Segment Open

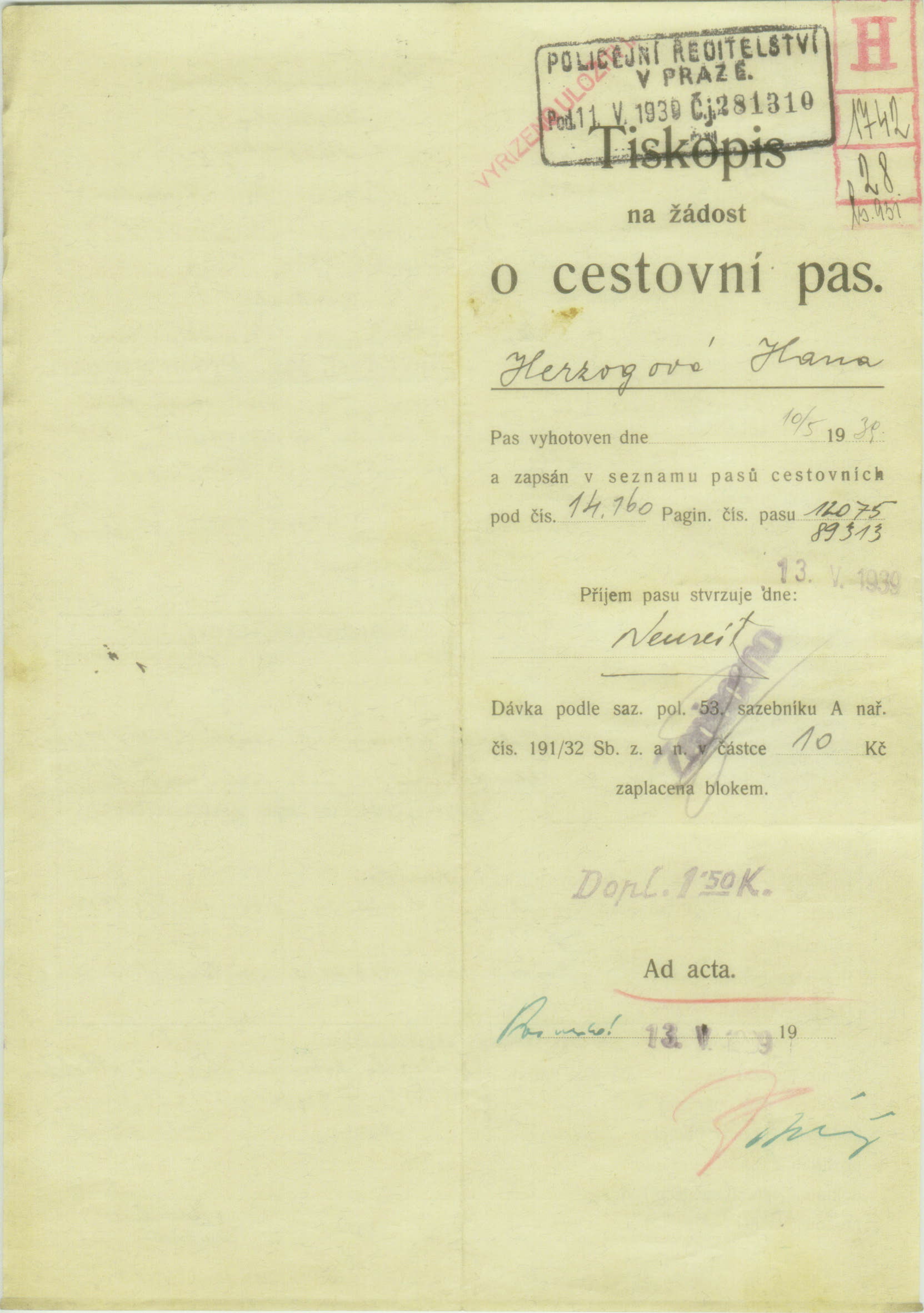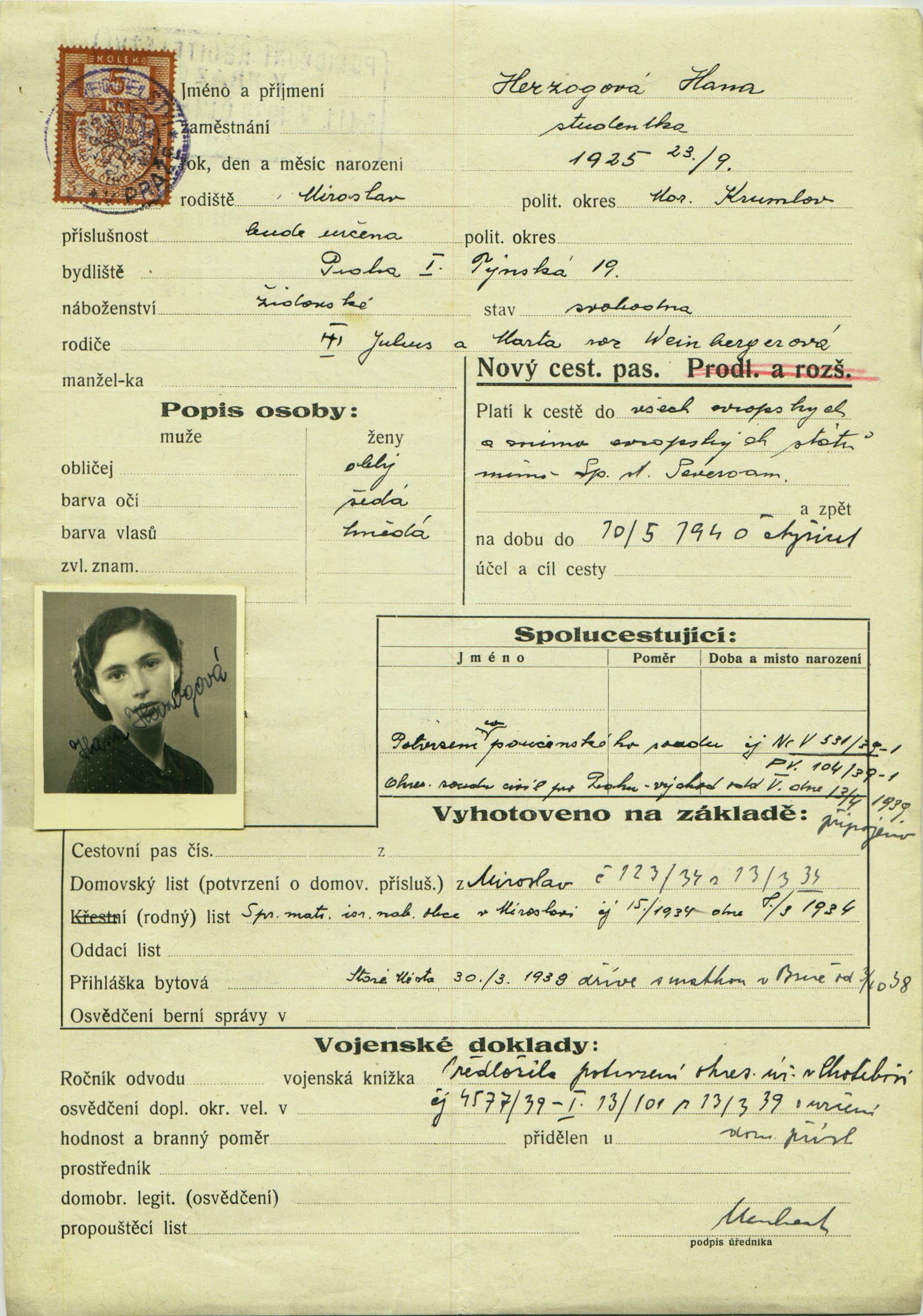 Herzogová Hana: Žádost o vydání cestovního pasu
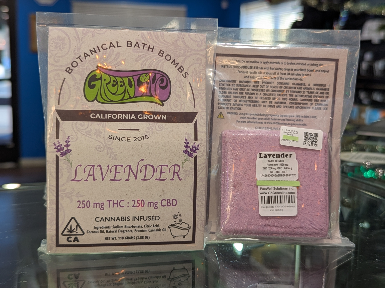 Greenline 500mg Lavender Bath Bomb $20.95 Product Strain Lavender Product Type Topicals Quantity on Hand 11 Product brand Greenline Package UID 1A4060300048D3D004745139 Last Inventory Count Date Sun, 02/08/2026 - 05:04 PM Expiration Date 07/23/2026 NOTE: WE ONLY ACCEPT CASH
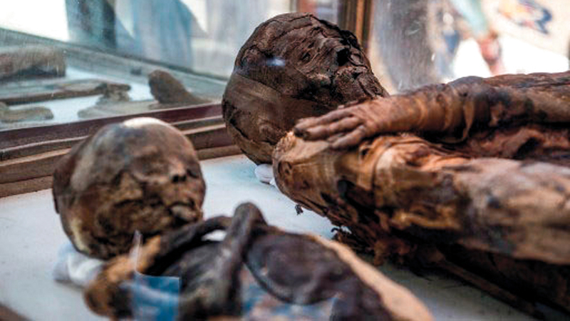 مومياء و50 حيواناً محنطاً، من بينها رفئران وصقور.

Segment Closed

**Required action**
Exactly as given, set down each line of the material, but include no pictures.

**Expected answer**
 Herzogová Hana: Žádost o vydání cestovního pasu
 Greenline 500mg Lavender Bath Bomb $20.95 Product Strain Lavender Product Type Topicals Quantity on Hand 11 Product brand Greenline Package UID 1A4060300048D3D004745139 Last Inventory Count Date Sun, 02/08/2026 - 05:04 PM Expiration Date 07/23/2026 NOTE: WE ONLY ACCEPT CASH
 مومياء و50 حيواناً محنطاً، من بينها رفئران وصقور.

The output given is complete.